Dr. Rosenfeld: I'm 62, and in my age group, unless you are still passionately engaged, you're probably not going to get involved with this technology unless you're bringing in an associate who has the energy and wherewithal to help introduce this into a private practice setting. Because once you get involved in cone beam, you also have to have the infrastructure in your office to support information acquisition.
But the 35- to 52-year-olds, the people who are in the middle of their professional careers -- it is going to be incumbent upon them to make this transition because that is where the profession is going and it is what is expected. Cone-beam CT can help make the judgment that teeth are savable, and we are the only profession in dentistry that is focused on saving teeth. This is where most periodontists will be moving to in the future. If you can diagnosis better, ask better questions, and be better prepared for treatment, this technology is a gift.

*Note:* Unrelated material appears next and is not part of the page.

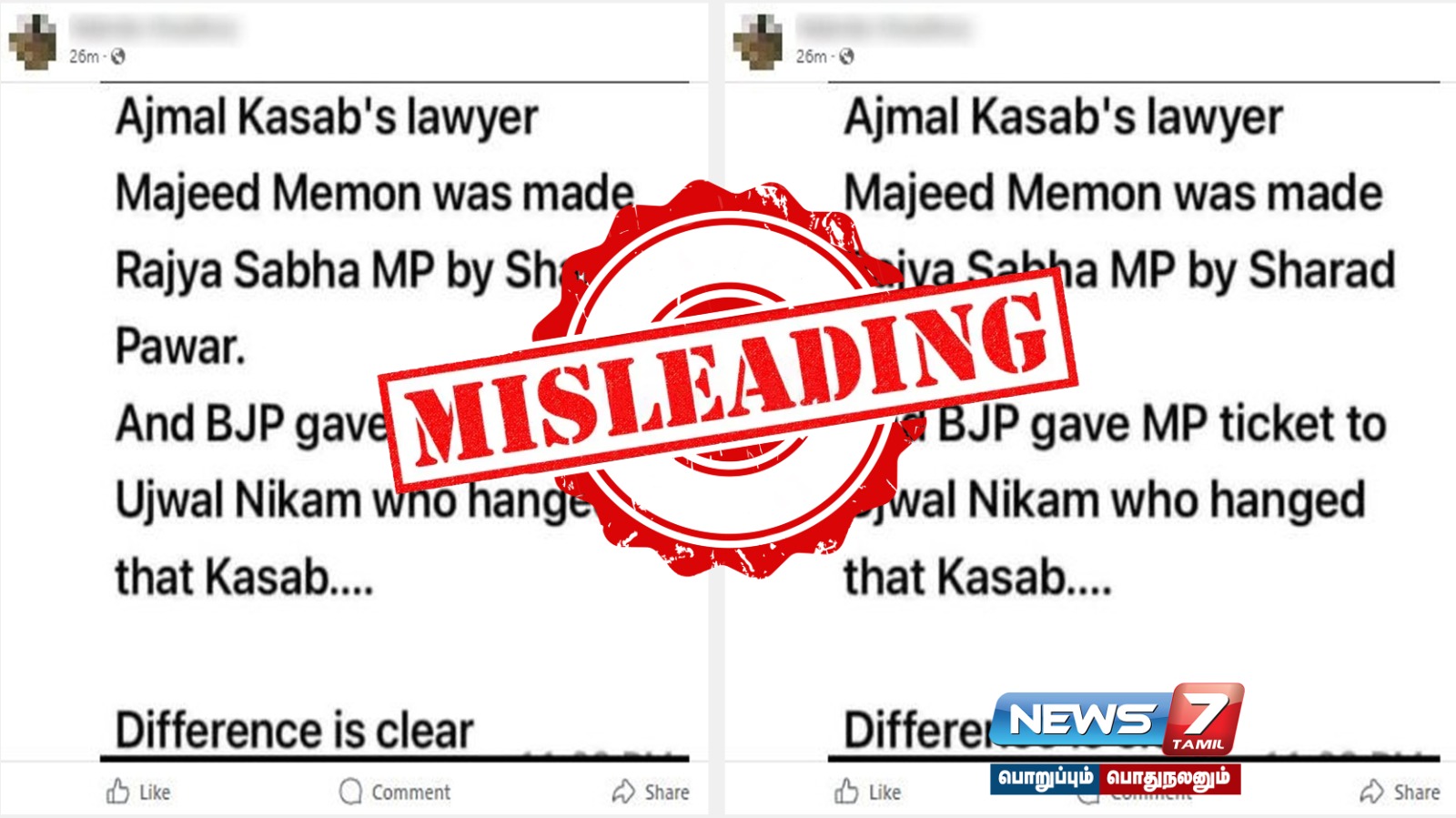 2024 மக்களவைத் தேர்தல் நடைபெற்று வரும் நிலையில், மும்பை தொடர் தாக்குதல் குற்றவாளியான அஜ்மல் கசாப்பின் வழக்கறிஞரான மஜீத்மேமனை தேசியவாத காங்கிரஸ் கட்சி ராஜ்யசபா எம்பி ஆக்கியது என்றும், கசாப் மீது வழக்குத் தொடுத்து மரண தண்டனையை உறுதி செய்த உஜ்வல் நிகாமுக்கு பாஜக எம்பி டிக்கெட் வழங்கியது என்றும் ஒரு பதிவு பரவலாகப் பேசப்படுகிறது. சமூக ஊடக தளங்களிலும் பகிரப்பட்டு வருகிறது. அவற்றை இணைப்பு 1, இணைப்பு 2, இணைப்பு 3 ஆகியவற்றில் காணலாம். இந்த பதிவுகளில் கூறப்பட்ட கூற்றை உண்மை சரிபார்ப்போம்.
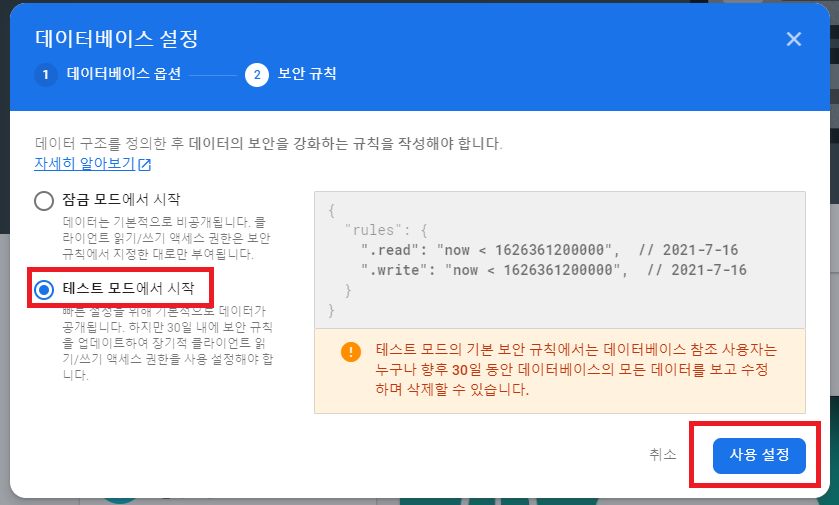 테스트를 하기위해서 테스트 모드에서 시작으로 변경해주고 사용설정을 클릭해줍니다.

Dr. Mandelaris: There are three stages of a scientific theory. In the first stage, the theory is scoffed at and met with disbelief. In the second stage, it is accepted as true but is considered insignificant and trivial. In stage three, it is thought to be correct and even revolutionary. In fact, those who criticized it most now claim that they invented it and are the experts.
CT-based decision-making has been a 25-year journey in our practice but has seemingly become an overnight phenomenon in dentistry. The opportunity that cone-beam CT imaging presents to contemporary periodontists is incredible. This opportunity demands our involvement in interdisciplinary dentistry. By having a better prognosis, you can change the course of someone's complex treatment and perhaps effect change in their life.
The pendulum has swung so far to implants that saving natural teeth has become too casual of a conversation. If we have more information to make better treatment decisions and use evidence-based literature to make these treatment decisions, saving more teeth becomes a more important and realistic treatment option for patients and one that provides a better-informed consent before irreversible procedures are performed.
So in our practice, it's not about cone-beam CT, it's about information management and making good treatment decisions with that information.